First of all, our cameras' lenses are very close together. This allows our system's point-of-view to move very slowly and to get very close to the subject. Our smallest camera has a lens "frequency" of more than one lens per-inch, and our larger cameras have a lens "frequency" of one lens every inch and a half. This means we're sampling the scene from so many perspectives that we can reconstruct a virtual camera move at virtually any speed - from very slow to very fast, of a subject of almost any size - from a hummingbird to a distant landscape.

Because each lens in a Timetrack camera shares a common strip of film the X, Y, and Z axis of neighboring negatives are automatically aligned. And because we design our camera parts in CAD and fabricate them using computer-controlled machinery the X and Y alignment of our lens axes are also very consistent.

Timetrack lenses are also very sharp. They're three element lenses made of high quality multi-coated glass designed and manufactured by Eastman Kodak and they test about the same in resolution and contrast to a new 35mm Canon SLR prime lens.

The Timetrack shutter system is also very fast and synchronous. We can shoot at shutter speeds in excess of 1/1000th of a second with perfect synchronicity. High, synchronous shutter speeds allow us to eliminate the jitter and blur that would otherwise result from shooting fast moving subjects.
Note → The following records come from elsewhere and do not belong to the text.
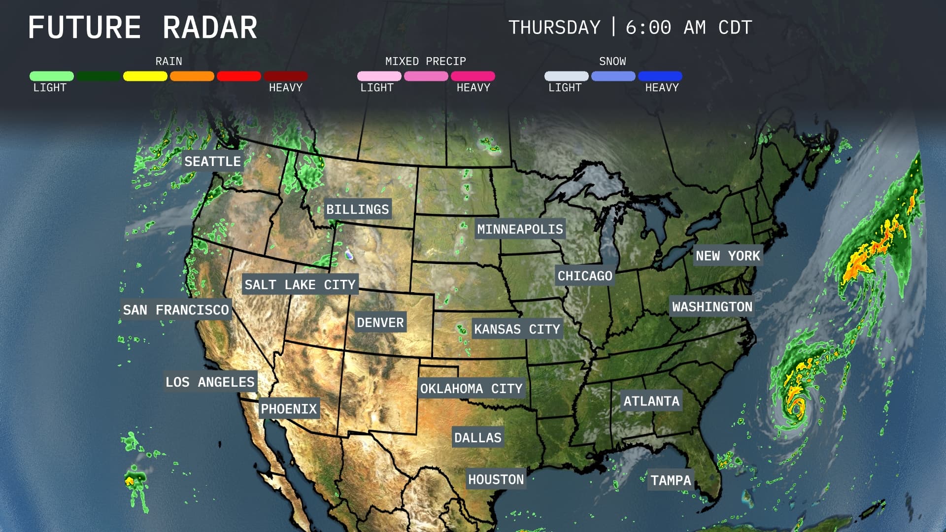 From the Pacific Northwest, Seattle is experiencing moderate rain, which extends farther down into Northern California around San Francisco. The heaviest precipitation today is impacting areas near Miami, where storms could potentially disrupt local activities and travel.
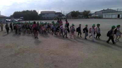 さおわやかな秋空の下、1年生が多くの上級生や先生方に見送られる中、校外学習に出発しました。入学して初めてのバスでのお出かけイベントです。とっても楽しみにしていましたね。1日、みんなで仲良く、楽しく活動できますように✨
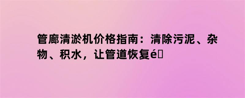 2. 管廊清淤机价格的因素
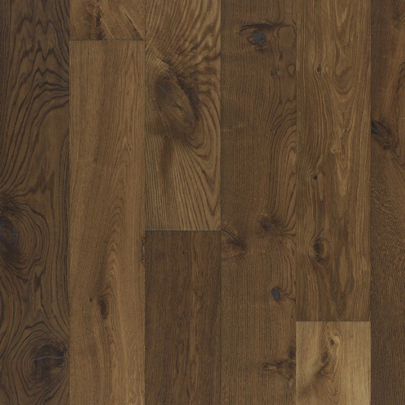 Ferme Smoked Pinda features wide oak planks with brushed texture and protective matt lacquer in rich smoked shades.
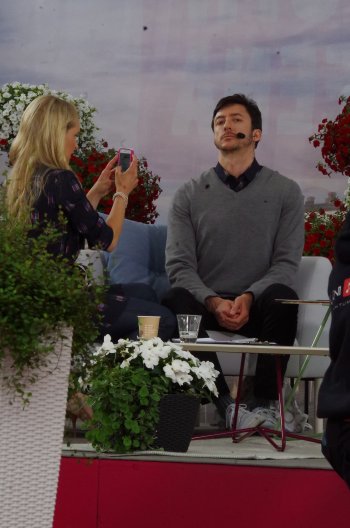 ![]() Haastattelussa tilaisuuden tuottaja Mari Haavista, Kaup.joht. Aino-Maija Luukkonen ja Mtv3n Ylä-Anttila |
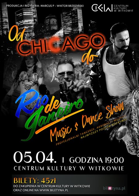 Zapraszamy na niezapomniane show muzyczno-taneczne "Od Chicago do Rio De Janeiro Music & Dance Show", które odbędzie się 5 kwietnia o godzinie 19:00 w Centrum Kultury w Witkowie. To wyjątkowe wydarzenie łączy w sobie profesjonalne pokazy taneczne, akrobatyczne popisy i muzykę na najwyższym poziomie, zapewniając widzom niezapomniane wrażenia artystyczne.
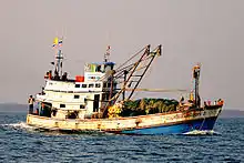Trafficking victims are often tricked by brokers' false promises of "good" factory jobs, then forced onto fishing boats where they are trapped, bought and sold like livestock, and held against their will for months or years at a time, forced to work grueling 22-hour days in dangerous conditions.[98] Those who resist or try to run away are beaten, tortured, and often killed.[99] This is commonplace because of the disposability of unfree laborers.
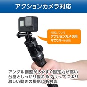 GoPro用マウントが付属。アングル調整がしやすく固定力が高い台座と、しっかり握れるグリップにより、激しい動きの撮影にも対応するアクショングリップとして使用可能。
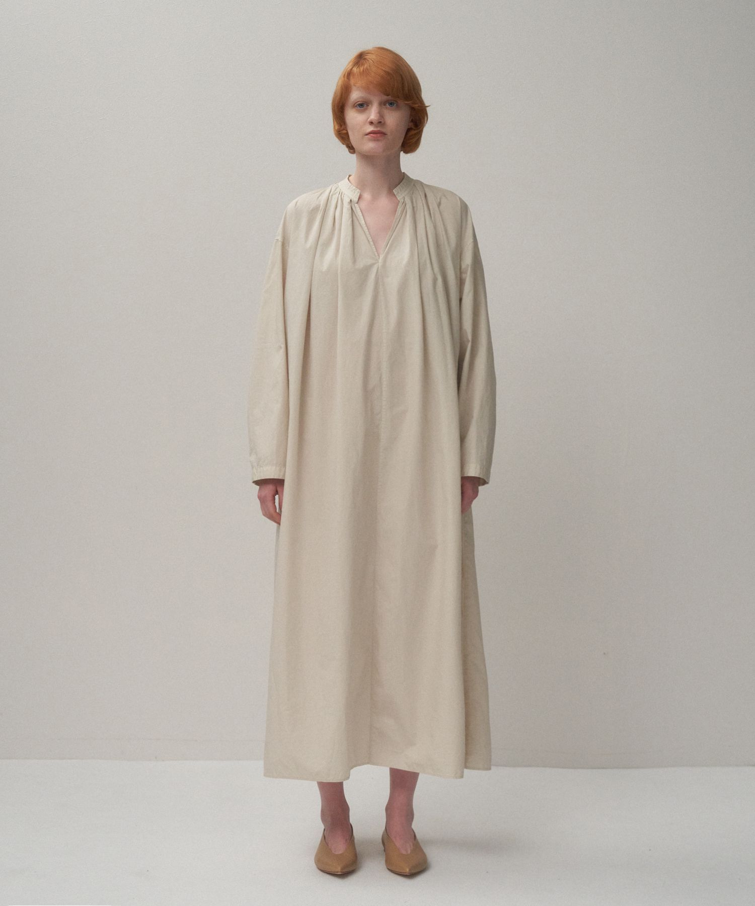 ATON(エイトン)/NATURAL DYED COTTON LAWN | タックロングスリーブドレス
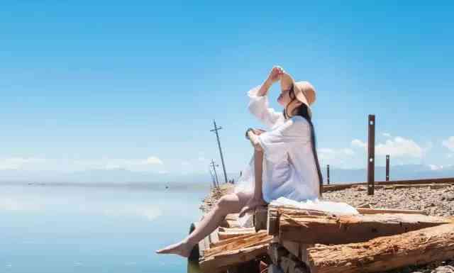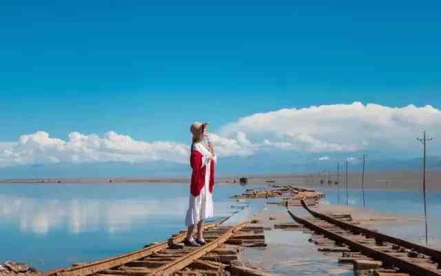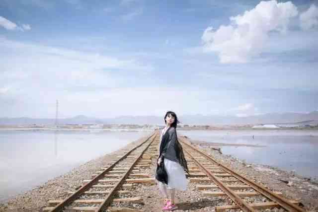 在茶卡盐湖铁轨上摄影,拍摄主体尽量不要看镜头,这种摄影会更加自然。
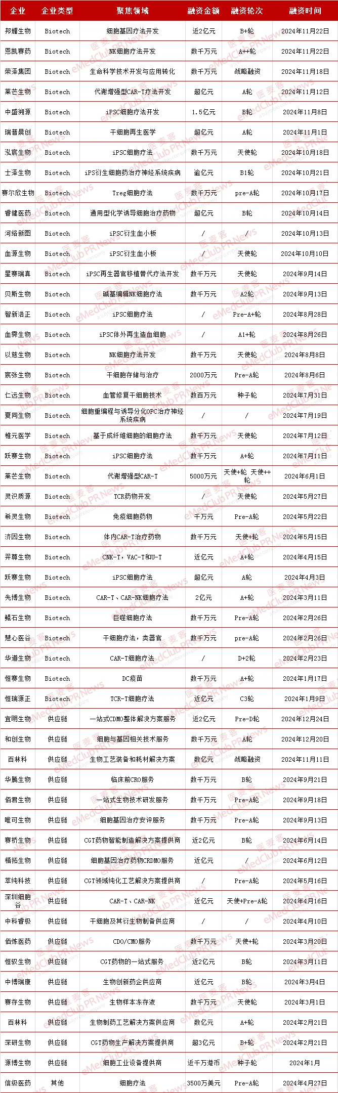 ▲ 2024年细胞治疗领域融资进展(个人整理,如有疏漏错误,欢迎补充指正)
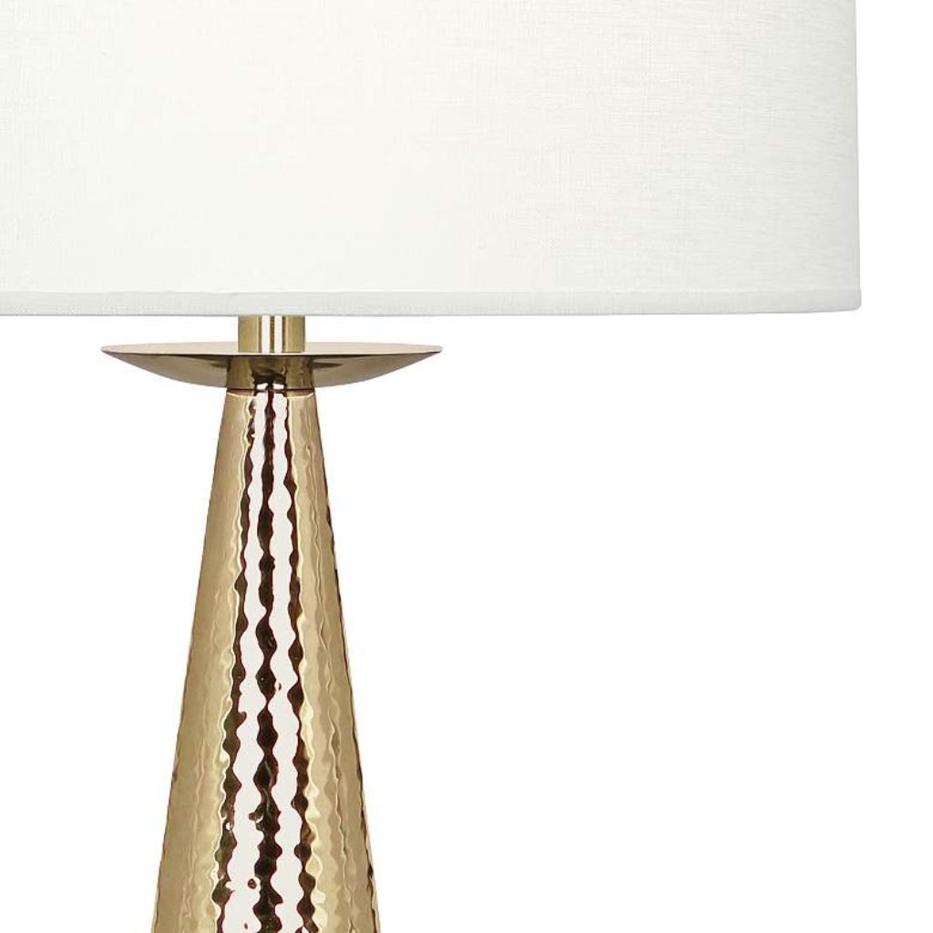 Lead with the material: hammered brass finish over metal construction — a surface treatment that introduces the organic, hand-worked texture of traditional metalsmithing into a lamp that is otherwise clean, contemporary, and entirely resolved in its proportions. The Dal modern brass column table lamp by Robert Abbey rises 30.5 inches in a column form that earns its presence through material quality rather than silhouette complexity. The hammered finish catches ambient light across thousands of small faceted impressions across the metal surface, creating a base that reads as warm and animated rather than flat and reflective — a distinction that separates hammered metalwork from polished or brushed alternatives in any lighting condition. An oyster linen fabric shade completes the lamp with natural, shell-toned warmth above the brass column, and a hi-lo dimmer at the socket provides immediate, two-stage brightness control without the need for a separate dimmer or smart bulb.
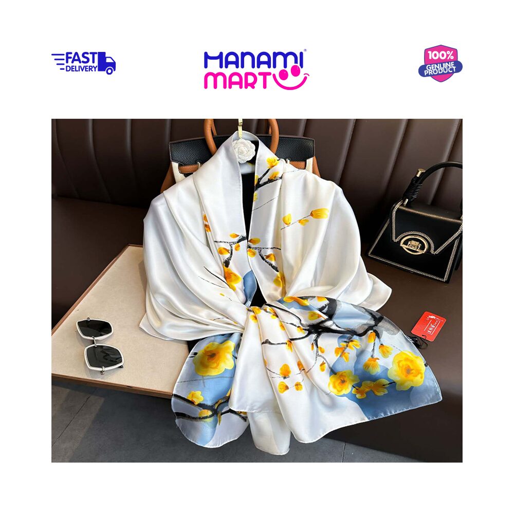 Silk Satin Printed Hijab designed in a soft white base featuring elegant yellow floral patterns and subtle artistic detailing. Crafted from smooth satin fabric, this hijab offers a lightweight and glossy finish that enhances both comfort and refined styling.

Finally, the Timetrack camera system design results in a consistent negative. Timetrack cameras record a series a frames onto a single strip of film, so the same sequence of frames that end up being sequential film frames in the edit pass through the developer, printer, and telecine sequentially as well.





Timetrack cameras can be used to shoot scenes which are totally frozen in time. They can also be used to stop and start time, and they can be used to slow time down and speed it up, all from a moving point-of-view. We can also integrate frozen motion and regular motion into virtually any cinematic scenario - people walking through frozen scenes, time stopping for part of a scene but not the whole scene, etc.
Timetrack cameras are designed for mounting motion picture cameras on the ends. This allows for a straight cut from live action to frozen motion and back to live action again. To get the movie camera as close to the Timetrack camera as possible we designed a set of special right-angle first-surface-mirror lenses.





Our large curved cameras are made to track on the radius of standard 45 degree dolly track, for shooting circular camera moves in which time stops and starts. Our straight cameras can do the same thing on straight dolly track. All of our cameras are made to be mounted on dollys or cranes.








We also have the ability to shoot frames sequentially or simultaneously in-camera, for slow-motion effects and so that time can start or stop within the sequence of frames that the Timetrack camera records. Using our sequential shutter systems we can shoot at very slow, normal, or very high sequential frame rates.



Our larger cameras -- now up to twenty feet long, with 160 lenses -- shoot pin-registered, vistavision format negatives. The vistavision film format is twice the size of super 35. This "extra" negative area allows you to crop, pan across the image, zoom in, rotate, or otherwise manipulate the framing in post while maintaining regular 35mm film grain characteristics. And with a vistavision telecine, available in the latest upgrade release of the Philips BTS Spirit DataCine telecine, you can view your dailies the morning after a shoot.




The vistavision film format affects the negative layout only and does not require special film or processing. All of our cameras shoot regular 35mm motion picture film, in standard roll sizes (400ft or 1000ft). This means you can shoot any 35mm film stock you want and it can be developed immediately after being shot - by any motion picture film lab.